** Opening Data provided block **

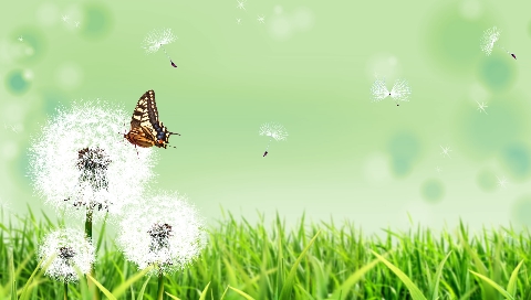 Обои для PSP » 3D » Бабочка на одуванчике
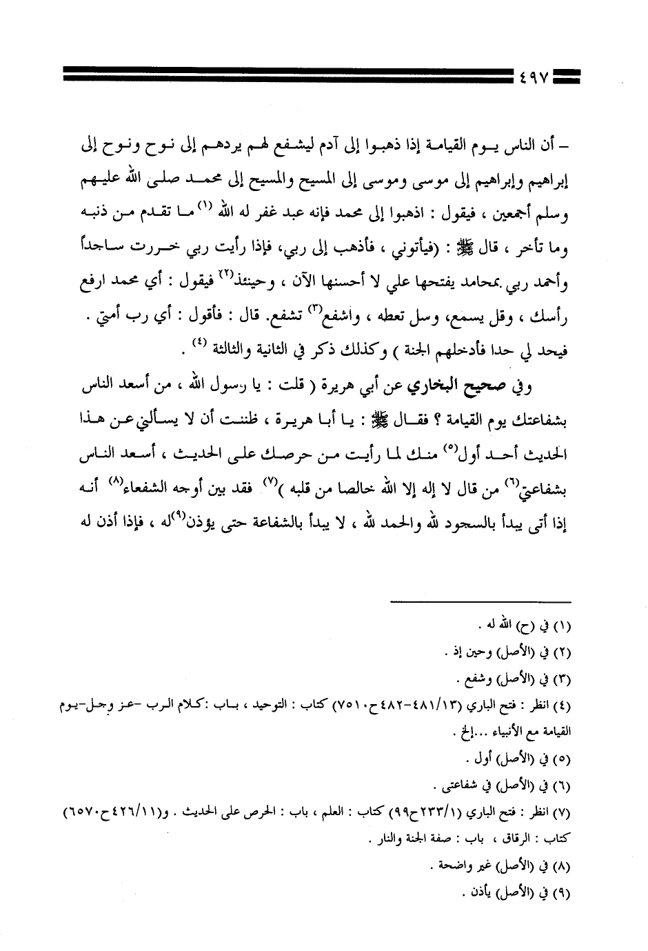 وفي صحيح البخاري عن أبي هريرة (قلت: يا رسول الله، من أسعد الناس بشفاعتك يوم القيامة؟ فقال صلى الله عليه وسلم: يا أبا هريرة، ظننت أن لا يسألني عن هذا الحديث أحد أول منك لما رأيت من حرصك على الحديث، أسعد الناس بشفاعتي من قال لا إله إلا الله خالصًا من قلبه) فقد بين أوجه الشفعاء أنه إذا أتى يبدأ بالسجود والحمد لله، لا يبدأ بالشفاعة حتى يؤذن له، فإذا أذن له
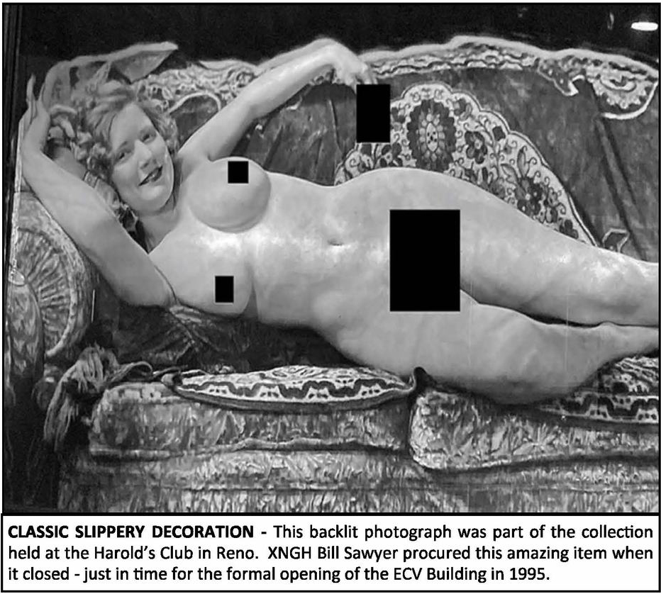 It was finally time for the first formal event, hosted by NGH Bowers. The Widder’s were greeted in 1995 with a grand banquet in late-October near Nevada Day. The second-story bar was operational and the famous backlit artwork was in place. For Widder’s Balls, she is sometimes covered up with a makeshift bikini. This famous photographic piece behind the bar was procured by Bill Sawyer (NGH 1988) from the Har­old’s Club collection. While the club was open, Sawyer took care of the calliope and tuned pianos. He was also known for playing the tuba. [NOTE: In Virginia City, we have a Nevada Day Ball… because our Widders don’t have balls. –M]
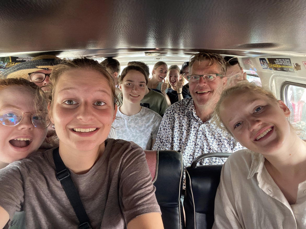 Na het ontbijt hebben we even wat groepsfoto's gemaakt met Peter, de eindverantwoordelijke bij Bombolulu, en daarna zijn we doorgelopen naar de openbare weg om met het Keniaanse "OV" te gaan. Twee keer in de matatu en daarna in de tuk tuk. Na een avontuurlijke trip kwamen we aan bij APDK waar onze eerste "werkdag" begon.

** Closing Data provided block **

Give back the whole listing exactly as written. Do not include any picture.

Written solution
 Обои для PSP » 3D » Бабочка на одуванчике
 وفي صحيح البخاري عن أبي هريرة (قلت: يا رسول الله، من أسعد الناس بشفاعتك يوم القيامة؟ فقال صلى الله عليه وسلم: يا أبا هريرة، ظننت أن لا يسألني عن هذا الحديث أحد أول منك لما رأيت من حرصك على الحديث، أسعد الناس بشفاعتي من قال لا إله إلا الله خالصًا من قلبه) فقد بين أوجه الشفعاء أنه إذا أتى يبدأ بالسجود والحمد لله، لا يبدأ بالشفاعة حتى يؤذن له، فإذا أذن له
 It was finally time for the first formal event, hosted by NGH Bowers. The Widder’s were greeted in 1995 with a grand banquet in late-October near Nevada Day. The second-story bar was operational and the famous backlit artwork was in place. For Widder’s Balls, she is sometimes covered up with a makeshift bikini. This famous photographic piece behind the bar was procured by Bill Sawyer (NGH 1988) from the Har­old’s Club collection. While the club was open, Sawyer took care of the calliope and tuned pianos. He was also known for playing the tuba. [NOTE: In Virginia City, we have a Nevada Day Ball… because our Widders don’t have balls. –M]
 Na het ontbijt hebben we even wat groepsfoto's gemaakt met Peter, de eindverantwoordelijke bij Bombolulu, en daarna zijn we doorgelopen naar de openbare weg om met het Keniaanse "OV" te gaan. Twee keer in de matatu en daarna in de tuk tuk. Na een avontuurlijke trip kwamen we aan bij APDK waar onze eerste "werkdag" begon.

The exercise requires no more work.